Overview

Hazards inherent to complex interconnected systems can lead to disasters of epic proportions with untold environmental, economic and social consequences. The identification, quantification, prediction, control, and mitigation of risk factors is thus essential to ensure individual protection and system integrity while promoting sustainable development.

This thematic program seeks to promote the study and use of stochastic models and statistical inference techniques that are relevant for an enhanced understanding of the interplay between risk factors and their potentially catastrophic effects on dynamic systems. Dependence models, extreme-value theory and time series analysis form the methodological backbone of quantitative risk management. Many important current issues will be considered, including the development of models for extreme events and large collections of variables, risk aggregation and model validation through expert use, the assessment and control of systemic risk, and risk propagation in epidemiology, finance, power networks, computer systems, etc.

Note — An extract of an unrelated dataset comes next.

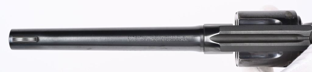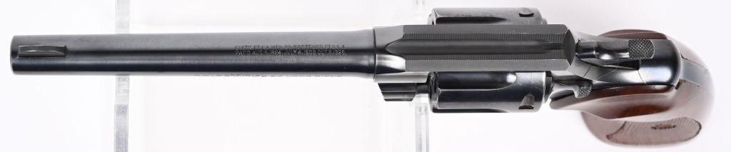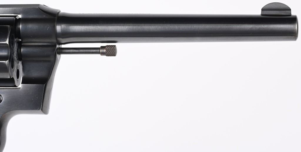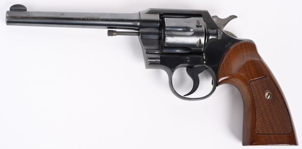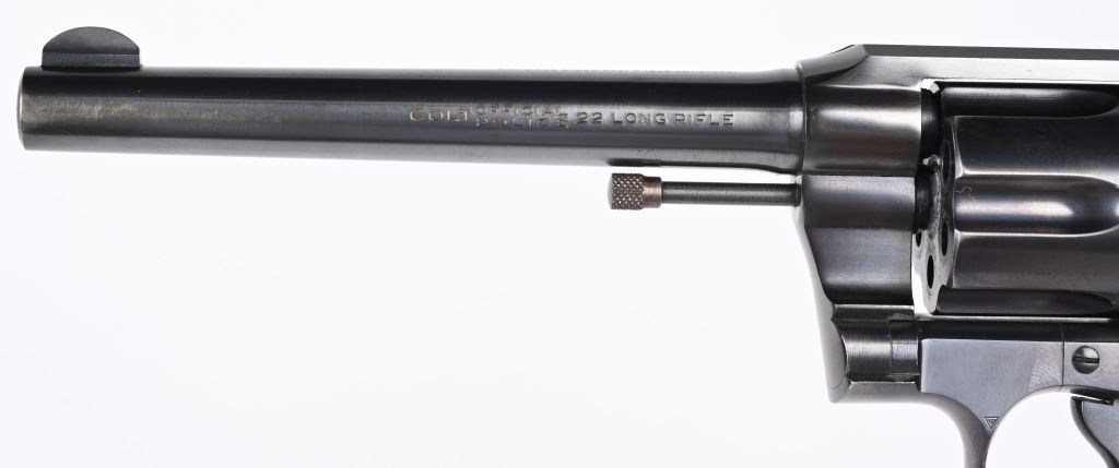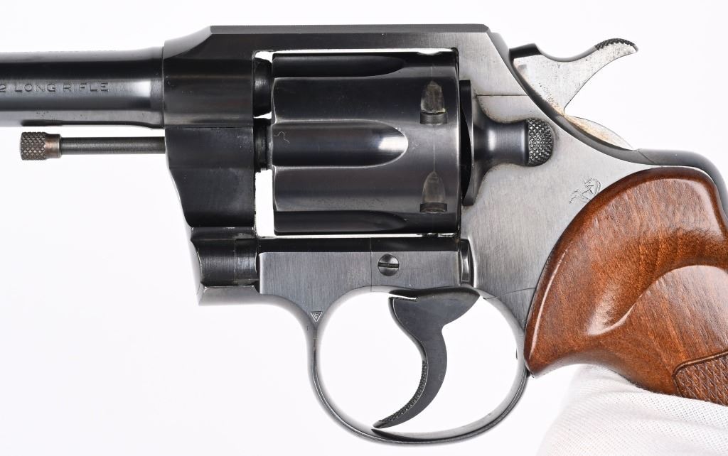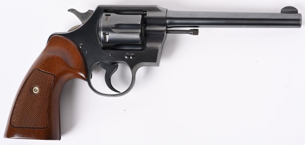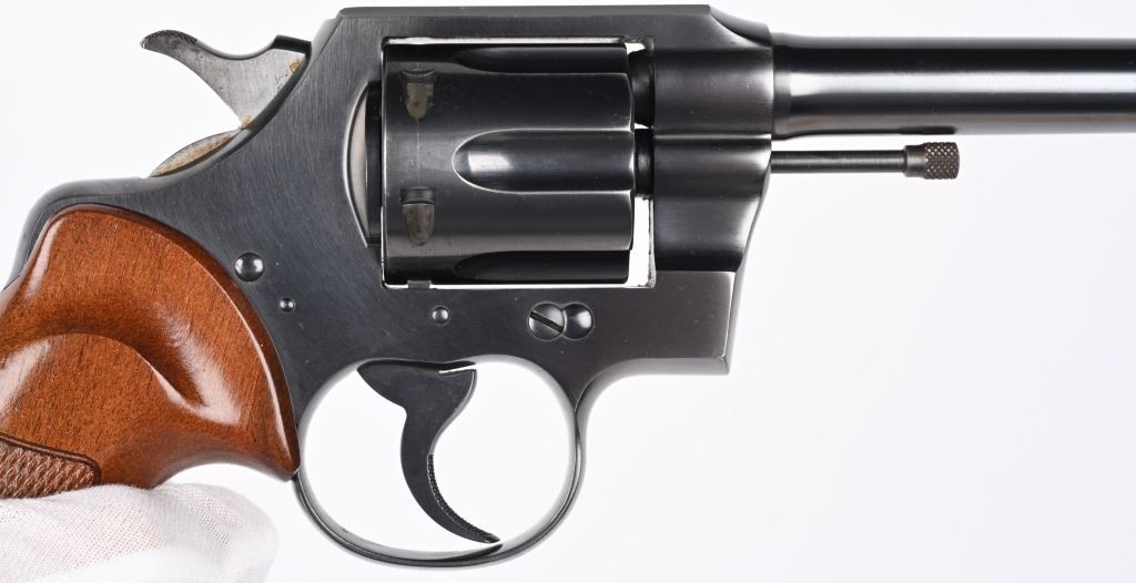 SERIAL 13969. BARREL 6". CALIBER .22 LR. MADE IN 1939. Fairly hard to find Colt in this caliber. Features fixed sights, blue finish, six shot, double action. Checkered walnut grips are more recent replacements. Condition. Gun has seen very little use and retains approximately 98% blue, with fine bore and action. C&R

The workshops are designed to foster interactions among probabilists, statisticians, econometricians, regulators, and risk modelers in finance, insurance, hydrology, as well as in the health, climate, and environmental sciences. They will bring together researchers and practitioners from these various areas and will present an excellent opportunity to take stock of recent developments, identify new challenges and initiate fruitful collaborations.

A week-long school based on the bestseller “Quantitative Risk Management: Concepts, Techniques and Tools” by McNeil, Frey and Embrechts (Princeton University Press, 2015) will precede the workshops and provide young investigators and professionals alike with a hands-on introduction to this rapidly growing field.